> Source data:
——

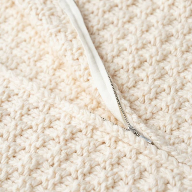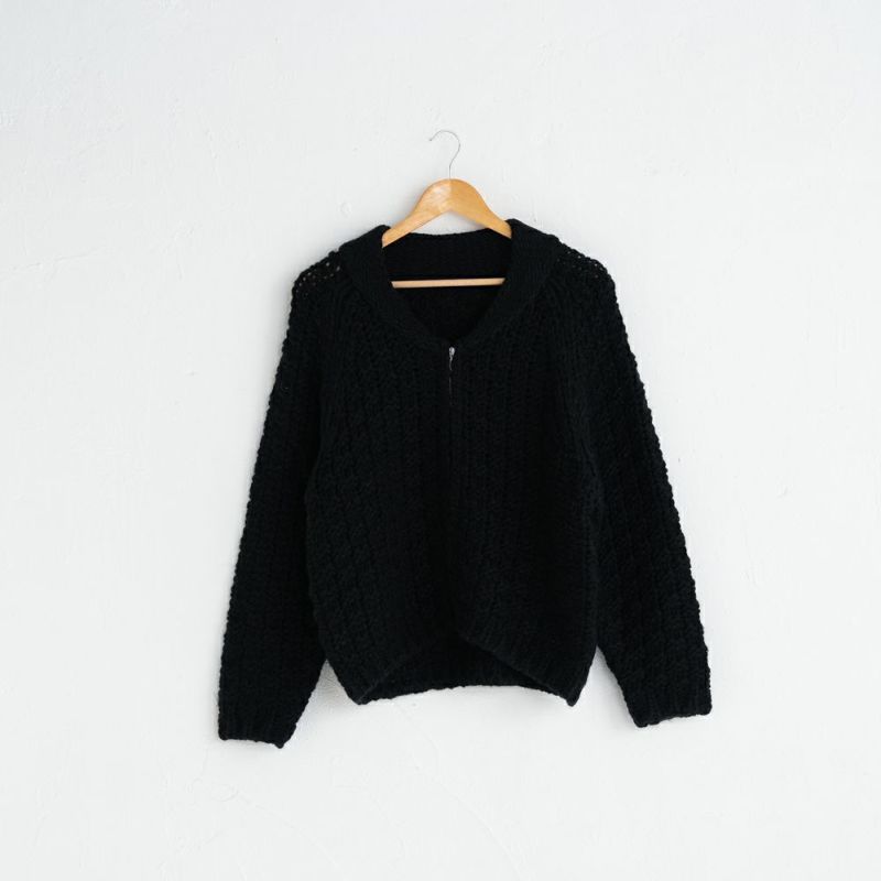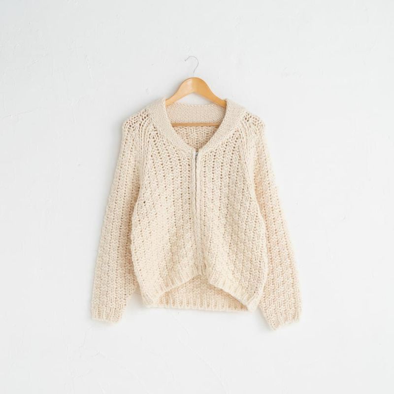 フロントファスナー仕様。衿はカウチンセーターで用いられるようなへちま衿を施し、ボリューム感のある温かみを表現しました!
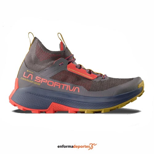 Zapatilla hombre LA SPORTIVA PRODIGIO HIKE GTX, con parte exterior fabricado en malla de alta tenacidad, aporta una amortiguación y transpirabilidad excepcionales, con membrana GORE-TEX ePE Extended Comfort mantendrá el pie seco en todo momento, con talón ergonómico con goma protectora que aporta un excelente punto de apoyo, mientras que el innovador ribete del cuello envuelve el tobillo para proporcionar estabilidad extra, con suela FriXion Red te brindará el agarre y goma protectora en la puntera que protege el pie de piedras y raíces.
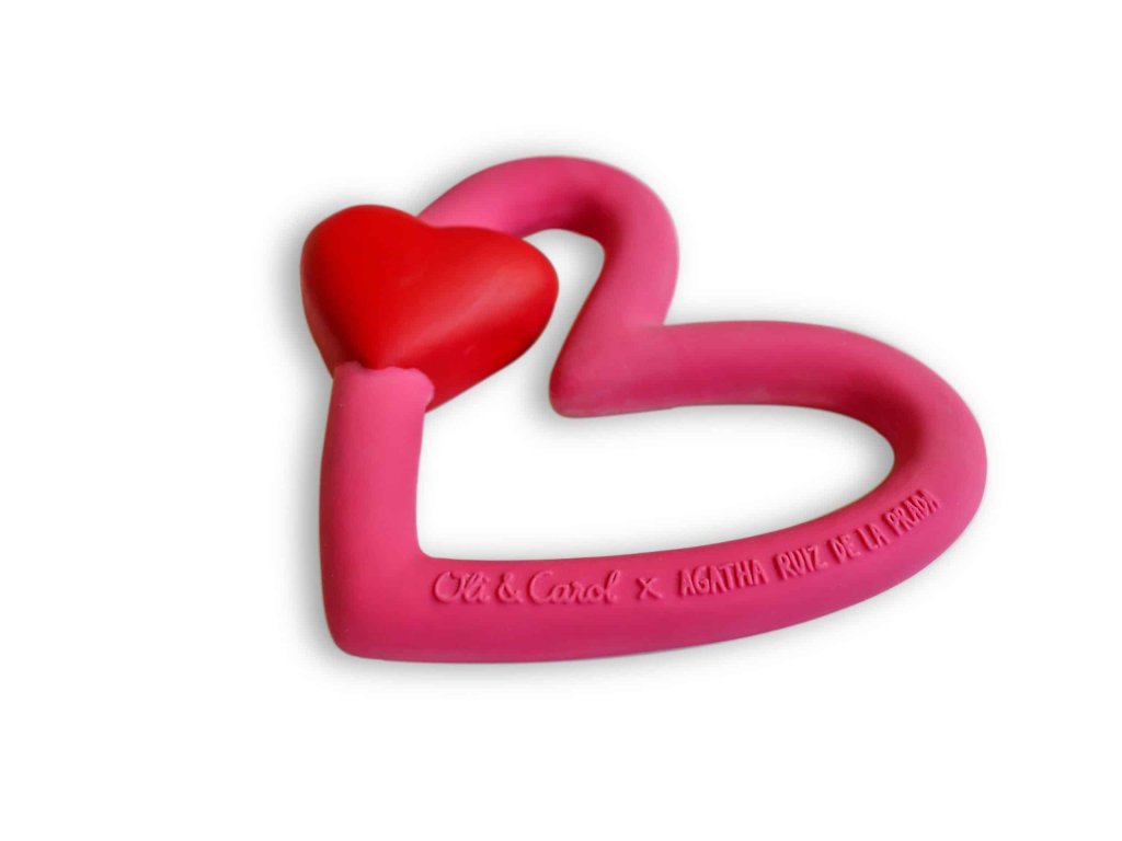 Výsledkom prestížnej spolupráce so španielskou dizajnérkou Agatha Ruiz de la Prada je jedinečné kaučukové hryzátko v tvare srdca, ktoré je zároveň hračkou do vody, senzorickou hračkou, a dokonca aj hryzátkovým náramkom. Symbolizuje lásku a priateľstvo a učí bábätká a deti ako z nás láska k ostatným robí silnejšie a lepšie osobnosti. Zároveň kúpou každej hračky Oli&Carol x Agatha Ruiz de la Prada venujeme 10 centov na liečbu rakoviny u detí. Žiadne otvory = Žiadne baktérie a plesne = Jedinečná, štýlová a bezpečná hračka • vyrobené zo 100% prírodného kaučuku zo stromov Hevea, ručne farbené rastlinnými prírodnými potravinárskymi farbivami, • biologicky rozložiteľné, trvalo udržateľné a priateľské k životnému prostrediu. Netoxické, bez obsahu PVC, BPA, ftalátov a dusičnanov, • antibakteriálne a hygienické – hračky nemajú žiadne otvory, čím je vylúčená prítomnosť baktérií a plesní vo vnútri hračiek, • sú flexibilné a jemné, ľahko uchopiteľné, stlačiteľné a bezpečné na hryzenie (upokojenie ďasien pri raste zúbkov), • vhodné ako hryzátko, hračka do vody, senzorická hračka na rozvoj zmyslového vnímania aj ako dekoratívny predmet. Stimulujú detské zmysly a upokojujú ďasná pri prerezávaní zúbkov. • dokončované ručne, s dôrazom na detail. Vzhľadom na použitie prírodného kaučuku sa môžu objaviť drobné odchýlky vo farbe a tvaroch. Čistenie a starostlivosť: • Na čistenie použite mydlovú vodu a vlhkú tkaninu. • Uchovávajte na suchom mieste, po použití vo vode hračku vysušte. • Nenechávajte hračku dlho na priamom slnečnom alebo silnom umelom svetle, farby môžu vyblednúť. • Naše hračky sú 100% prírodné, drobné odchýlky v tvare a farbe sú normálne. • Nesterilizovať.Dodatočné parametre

——

> Problem to solve:
No pictures belong in the copy. Repeat the listing above exactly.

> Result of this exercise:
 フロントファスナー仕様。衿はカウチンセーターで用いられるようなへちま衿を施し、ボリューム感のある温かみを表現しました!
 Zapatilla hombre LA SPORTIVA PRODIGIO HIKE GTX, con parte exterior fabricado en malla de alta tenacidad, aporta una amortiguación y transpirabilidad excepcionales, con membrana GORE-TEX ePE Extended Comfort mantendrá el pie seco en todo momento, con talón ergonómico con goma protectora que aporta un excelente punto de apoyo, mientras que el innovador ribete del cuello envuelve el tobillo para proporcionar estabilidad extra, con suela FriXion Red te brindará el agarre y goma protectora en la puntera que protege el pie de piedras y raíces.
 Výsledkom prestížnej spolupráce so španielskou dizajnérkou Agatha Ruiz de la Prada je jedinečné kaučukové hryzátko v tvare srdca, ktoré je zároveň hračkou do vody, senzorickou hračkou, a dokonca aj hryzátkovým náramkom. Symbolizuje lásku a priateľstvo a učí bábätká a deti ako z nás láska k ostatným robí silnejšie a lepšie osobnosti. Zároveň kúpou každej hračky Oli&Carol x Agatha Ruiz de la Prada venujeme 10 centov na liečbu rakoviny u detí. Žiadne otvory = Žiadne baktérie a plesne = Jedinečná, štýlová a bezpečná hračka • vyrobené zo 100% prírodného kaučuku zo stromov Hevea, ručne farbené rastlinnými prírodnými potravinárskymi farbivami, • biologicky rozložiteľné, trvalo udržateľné a priateľské k životnému prostrediu. Netoxické, bez obsahu PVC, BPA, ftalátov a dusičnanov, • antibakteriálne a hygienické – hračky nemajú žiadne otvory, čím je vylúčená prítomnosť baktérií a plesní vo vnútri hračiek, • sú flexibilné a jemné, ľahko uchopiteľné, stlačiteľné a bezpečné na hryzenie (upokojenie ďasien pri raste zúbkov), • vhodné ako hryzátko, hračka do vody, senzorická hračka na rozvoj zmyslového vnímania aj ako dekoratívny predmet. Stimulujú detské zmysly a upokojujú ďasná pri prerezávaní zúbkov. • dokončované ručne, s dôrazom na detail. Vzhľadom na použitie prírodného kaučuku sa môžu objaviť drobné odchýlky vo farbe a tvaroch. Čistenie a starostlivosť: • Na čistenie použite mydlovú vodu a vlhkú tkaninu. • Uchovávajte na suchom mieste, po použití vo vode hračku vysušte. • Nenechávajte hračku dlho na priamom slnečnom alebo silnom umelom svetle, farby môžu vyblednúť. • Naše hračky sú 100% prírodné, drobné odchýlky v tvare a farbe sú normálne. • Nesterilizovať.Dodatočné parametre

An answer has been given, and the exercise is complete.